In addition, the power supply terminal 10 may further include a second cable, one end of the second cable is connected to the first port 110, and the other end of the second cable is externally connected to an external device. The present embodiment is not limited thereto.

Based on the above design and description of the power supply terminal 10, as a possible implementation manner, as shown in fig. 6, it is assumed that the power supply terminal 10 provided in this embodiment is applicable to a split wearable device including a wearable portion 30 and a main control portion 20, and the main control portion 20 generally refers to an electronic device such as a computer, a mobile phone, a tablet computer, and the like, which can issue a control command or/and perform data processing and the like. The wearable portion 30 may be an electronic device such as a virtual reality device, an augmented reality device, or a mixed reality device that requires power supply by the main control portion 20 for functions such as information display, data acquisition, and the like.

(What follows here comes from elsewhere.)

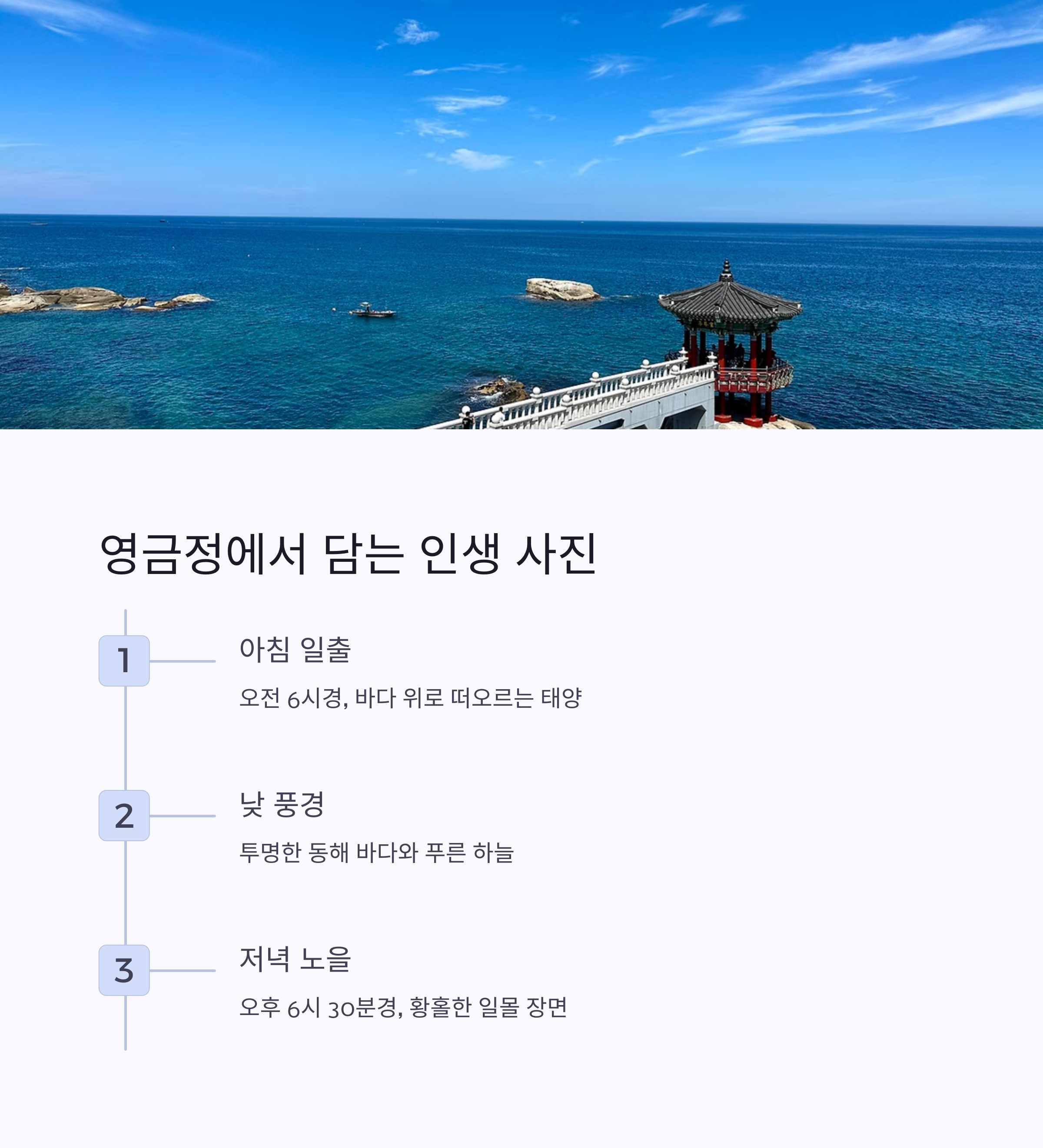 여행 후반에는 청초호수공원에서 여유를 즐기며 야경을 감상해보세요. 물안개 피는 호수 풍경은 몽환적이며, 데크 다리를 따라 걷다 보면 청초정에 이르게 됩니다. 그곳에서 바라보는 풍경은 카메라에 담기 전, 마음으로 먼저 감상하게 되는 특별함이 있습니다. 속초 중앙시장에서 닭강정이나 오징어순대를 맛보고, 영금정과 대포항에서 바다 위의 노을을 바라보며 하루를 마무리하면 완벽한 하루 코스가 완성됩니다.

Then, the first port 110 of the power supply terminal 10 may be connected to the wearable portion 30, the second port 111 is connected to the main control portion 20, and then the wearable portion 30 may be powered by the power supply terminal 10, so that the wearable portion 30 may perform information acquisition, data display or perform data interaction with the main control portion 20, thereby effectively avoiding the problem that the battery endurance of the main control portion 20 is poor due to the fact that the wearable portion 30 needs to be powered by the main control portion 20, greatly reducing the power consumption of the main control portion 20, and effectively prolonging the battery endurance time of the split wearable device.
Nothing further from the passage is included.